[Items listed in a dataset]

○ ○ ○ ○ ○

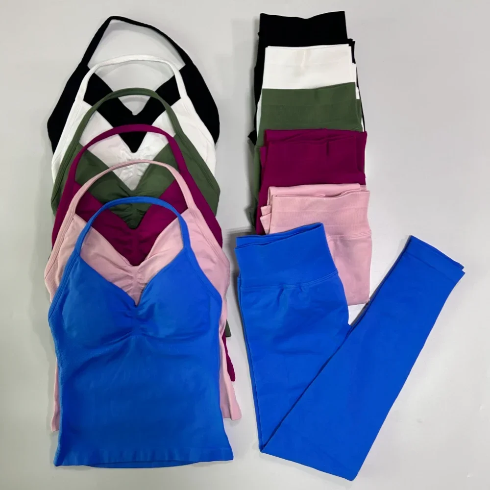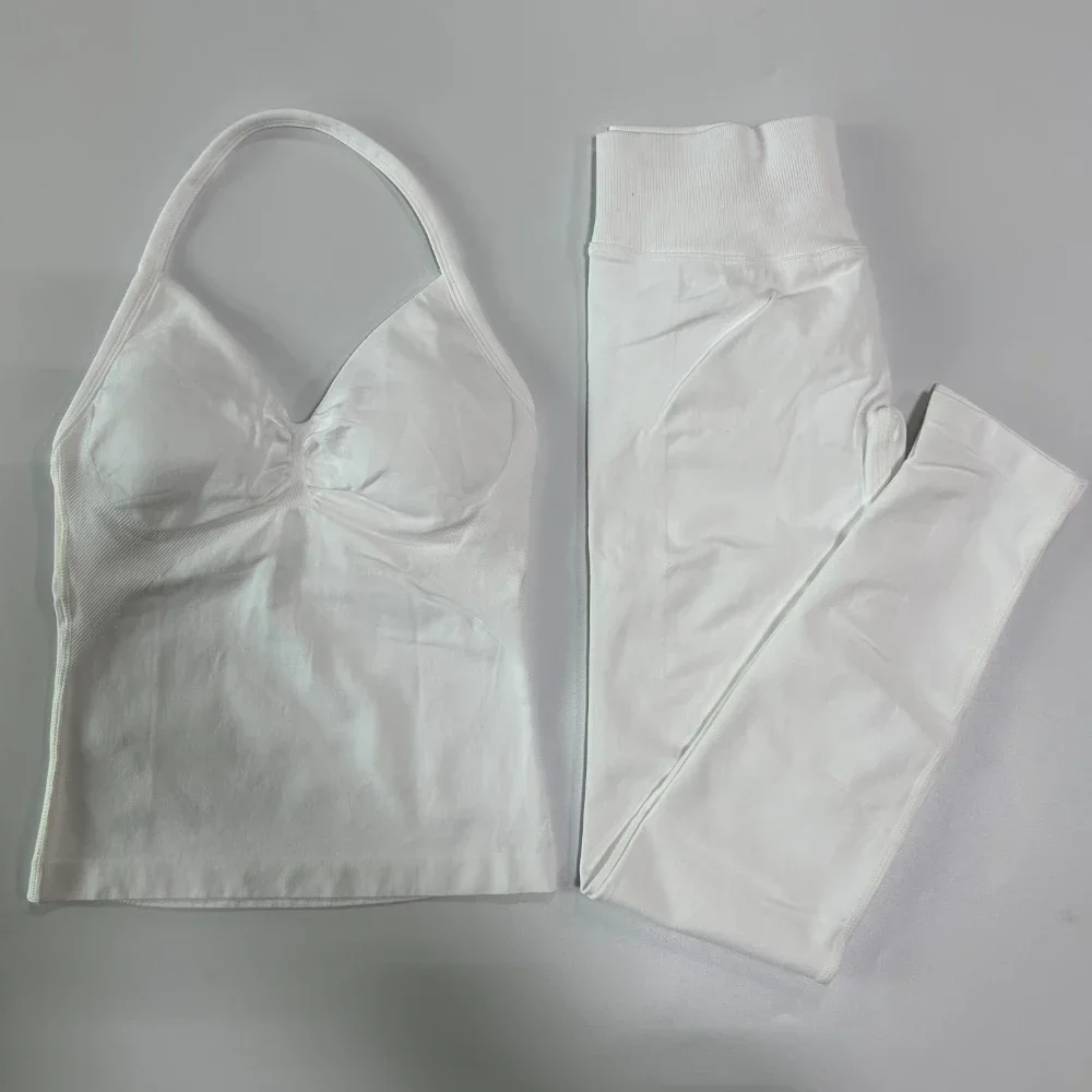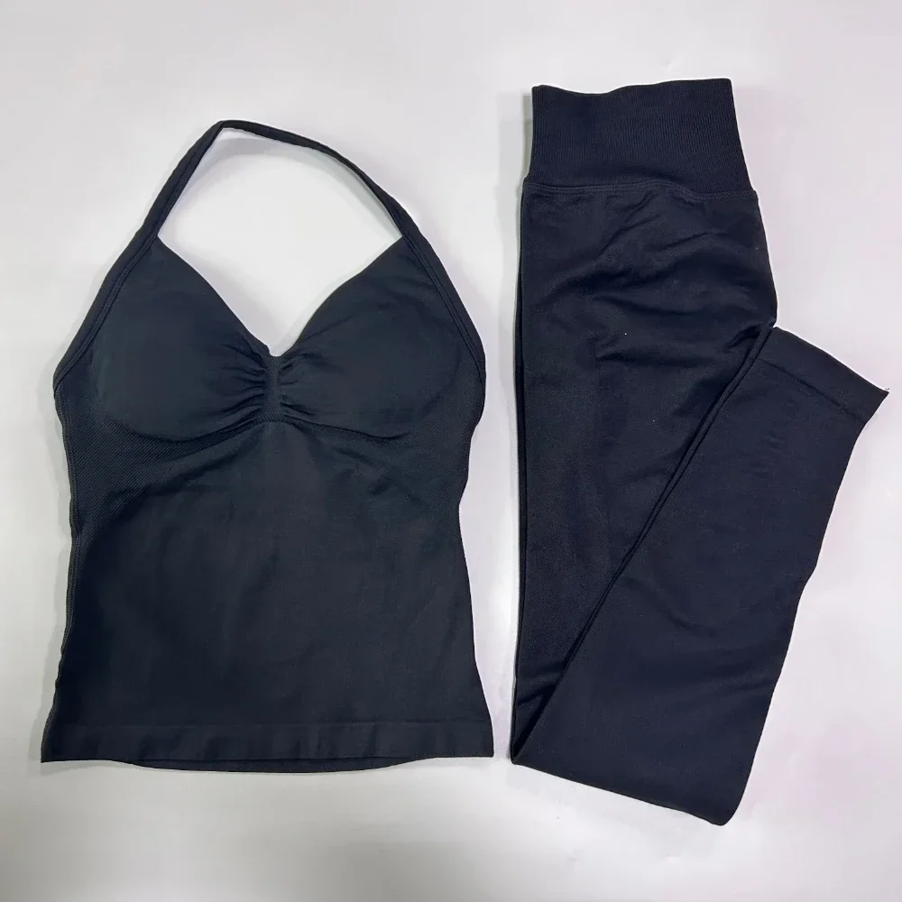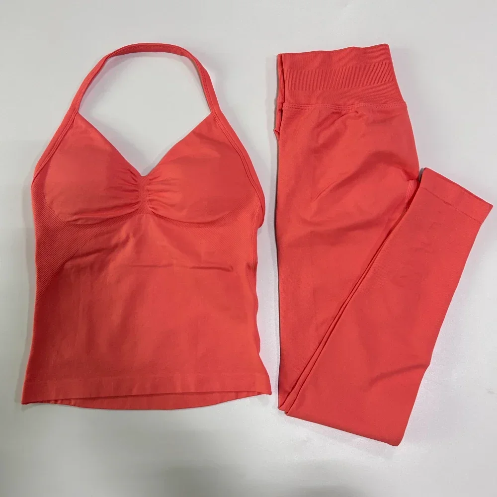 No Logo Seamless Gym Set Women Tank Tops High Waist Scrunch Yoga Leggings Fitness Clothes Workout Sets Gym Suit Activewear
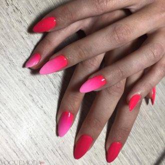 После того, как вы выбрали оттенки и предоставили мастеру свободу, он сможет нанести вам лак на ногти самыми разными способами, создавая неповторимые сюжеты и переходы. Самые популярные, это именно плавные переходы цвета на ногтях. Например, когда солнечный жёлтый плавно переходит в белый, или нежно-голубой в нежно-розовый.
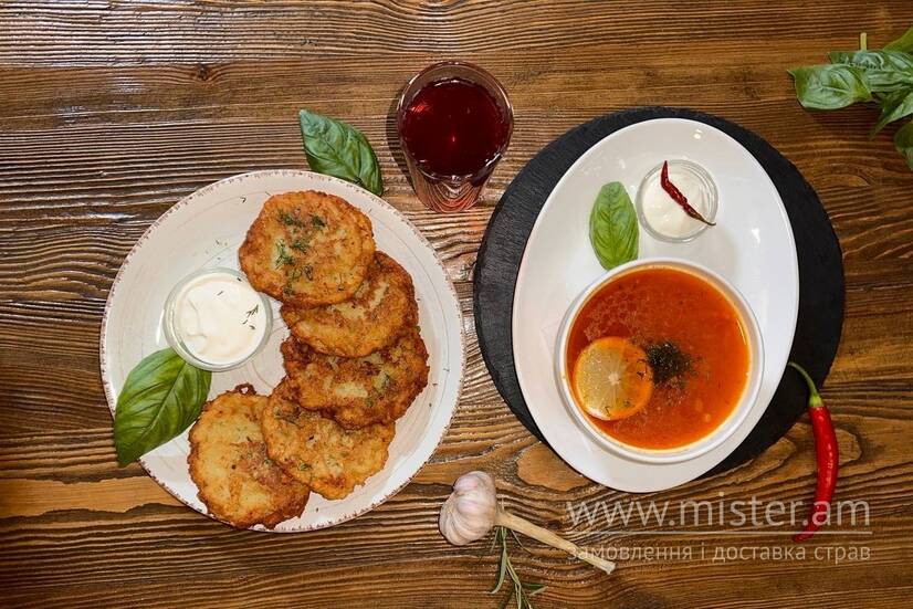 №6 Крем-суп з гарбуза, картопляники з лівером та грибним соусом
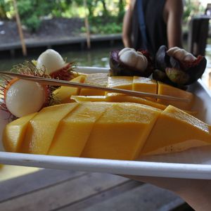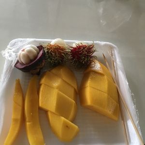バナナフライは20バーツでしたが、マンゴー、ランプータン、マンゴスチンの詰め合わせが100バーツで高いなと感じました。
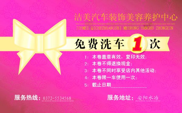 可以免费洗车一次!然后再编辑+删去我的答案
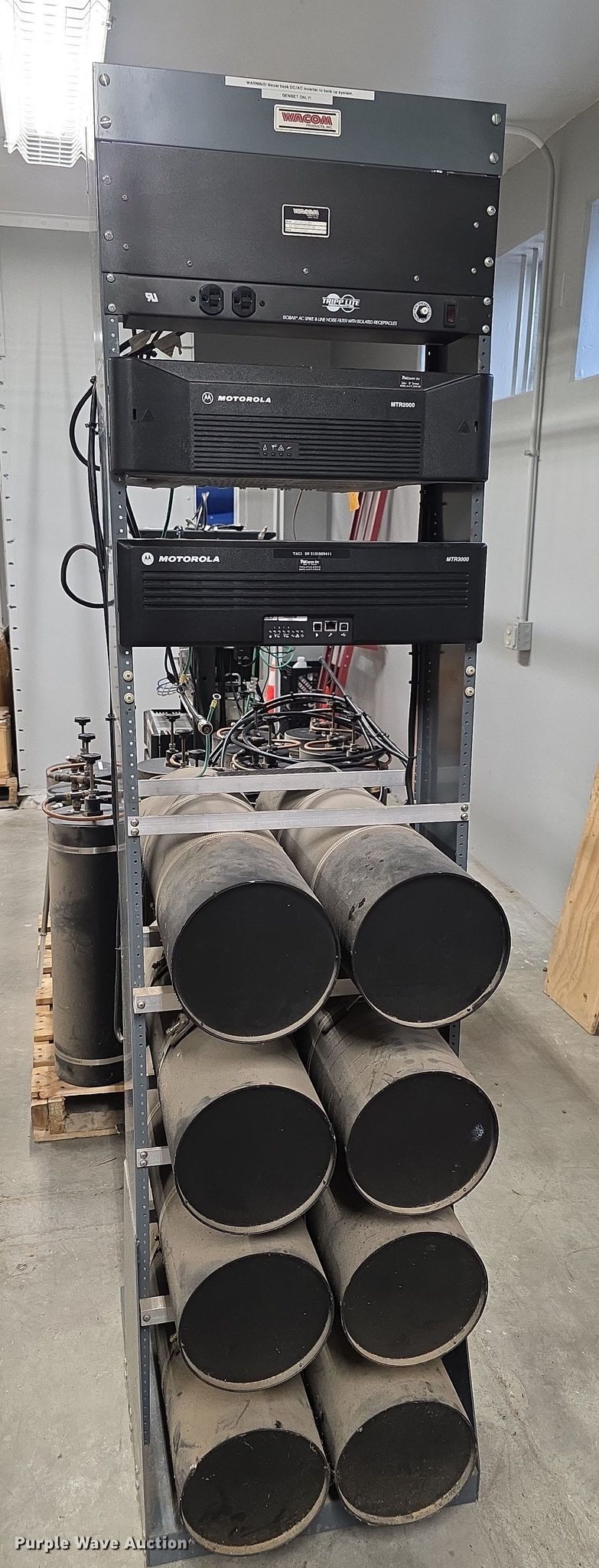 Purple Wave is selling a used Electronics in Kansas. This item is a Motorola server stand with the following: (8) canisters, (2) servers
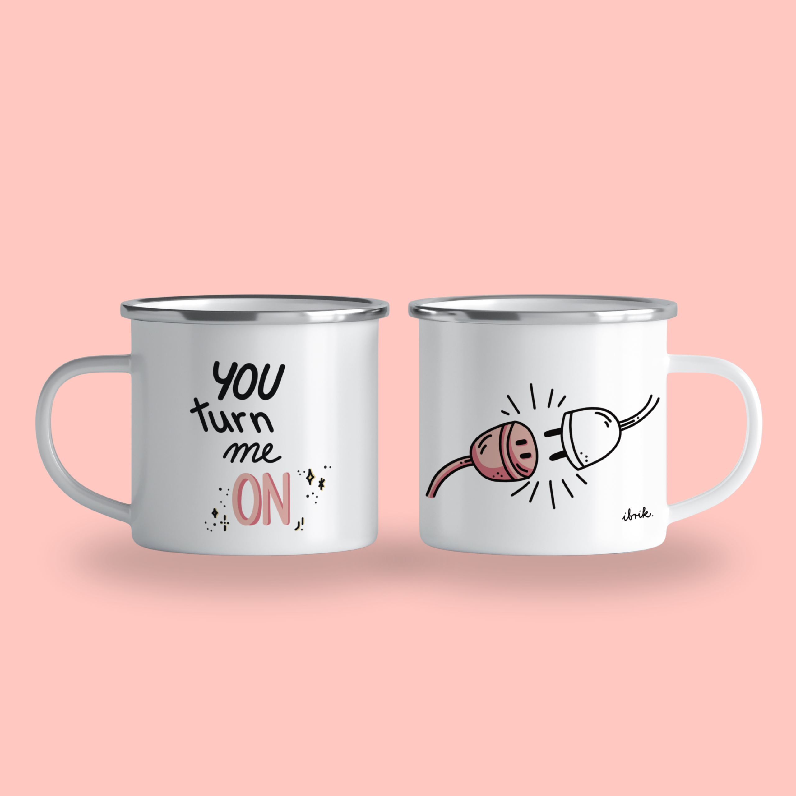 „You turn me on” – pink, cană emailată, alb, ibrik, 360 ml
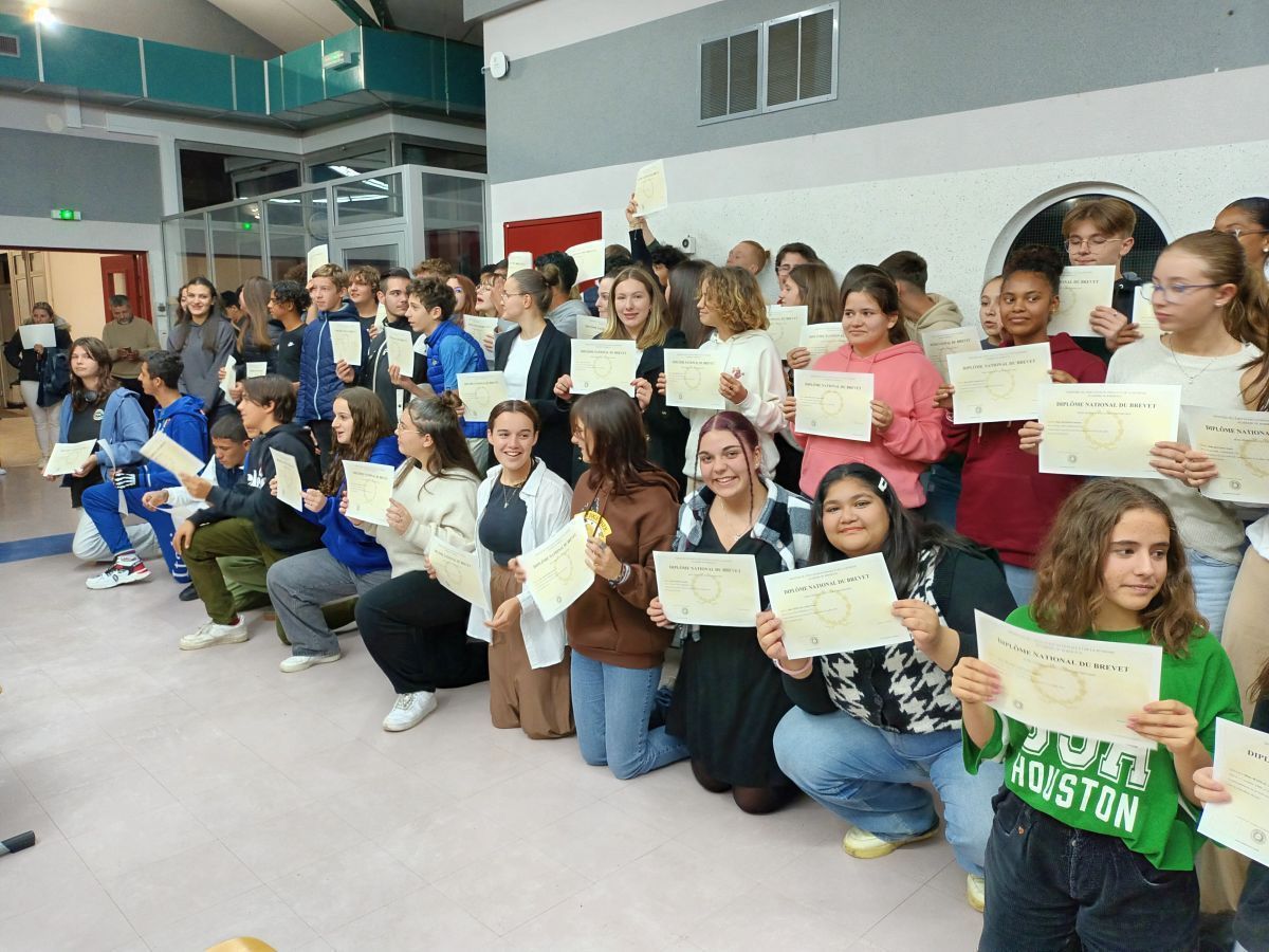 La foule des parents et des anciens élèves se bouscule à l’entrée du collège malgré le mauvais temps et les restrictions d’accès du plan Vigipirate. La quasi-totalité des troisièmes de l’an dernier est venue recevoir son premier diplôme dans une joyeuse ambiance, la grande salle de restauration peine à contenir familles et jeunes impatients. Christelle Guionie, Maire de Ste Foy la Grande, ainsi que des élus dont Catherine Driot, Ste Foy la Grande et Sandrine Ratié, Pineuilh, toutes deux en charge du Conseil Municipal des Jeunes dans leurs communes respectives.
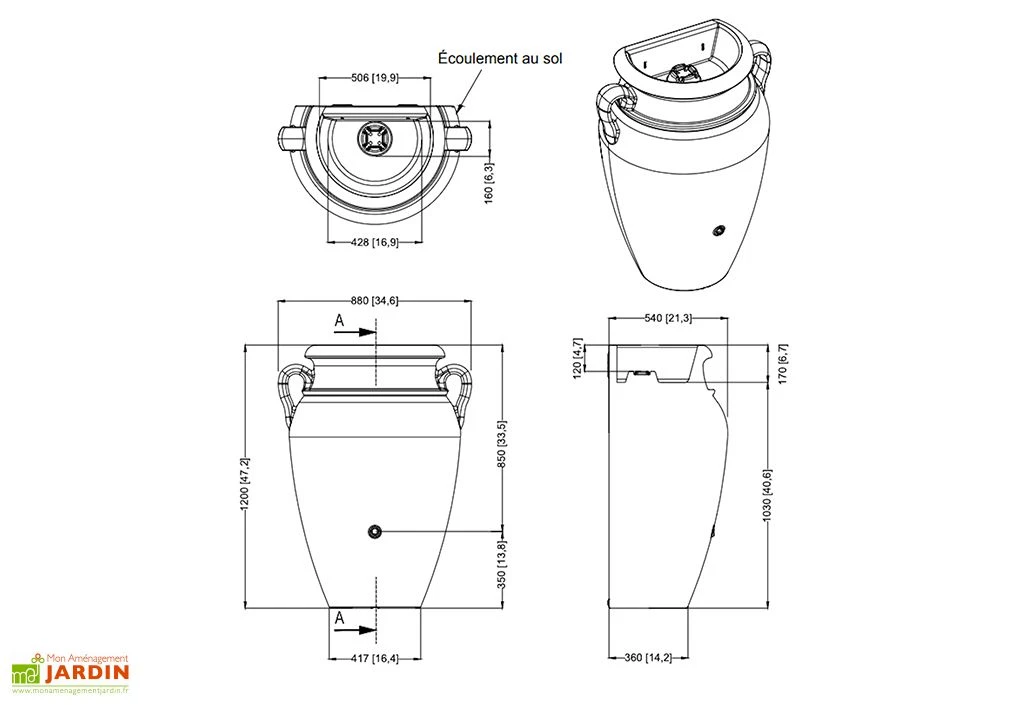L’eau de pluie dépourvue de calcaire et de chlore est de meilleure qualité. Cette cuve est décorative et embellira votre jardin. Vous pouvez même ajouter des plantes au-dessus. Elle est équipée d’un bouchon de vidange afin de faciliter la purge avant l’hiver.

○ ○ ○ ○ ○

What you need to do —
Please, without any pictures, print each entry exactly.

Answer space —
 No Logo Seamless Gym Set Women Tank Tops High Waist Scrunch Yoga Leggings Fitness Clothes Workout Sets Gym Suit Activewear
 После того, как вы выбрали оттенки и предоставили мастеру свободу, он сможет нанести вам лак на ногти самыми разными способами, создавая неповторимые сюжеты и переходы. Самые популярные, это именно плавные переходы цвета на ногтях. Например, когда солнечный жёлтый плавно переходит в белый, или нежно-голубой в нежно-розовый.
 №6 Крем-суп з гарбуза, картопляники з лівером та грибним соусом
バナナフライは20バーツでしたが、マンゴー、ランプータン、マンゴスチンの詰め合わせが100バーツで高いなと感じました。
 可以免费洗车一次!然后再编辑+删去我的答案
 Purple Wave is selling a used Electronics in Kansas. This item is a Motorola server stand with the following: (8) canisters, (2) servers
 „You turn me on” – pink, cană emailată, alb, ibrik, 360 ml
 La foule des parents et des anciens élèves se bouscule à l’entrée du collège malgré le mauvais temps et les restrictions d’accès du plan Vigipirate. La quasi-totalité des troisièmes de l’an dernier est venue recevoir son premier diplôme dans une joyeuse ambiance, la grande salle de restauration peine à contenir familles et jeunes impatients. Christelle Guionie, Maire de Ste Foy la Grande, ainsi que des élus dont Catherine Driot, Ste Foy la Grande et Sandrine Ratié, Pineuilh, toutes deux en charge du Conseil Municipal des Jeunes dans leurs communes respectives.
L’eau de pluie dépourvue de calcaire et de chlore est de meilleure qualité. Cette cuve est décorative et embellira votre jardin. Vous pouvez même ajouter des plantes au-dessus. Elle est équipée d’un bouchon de vidange afin de faciliter la purge avant l’hiver.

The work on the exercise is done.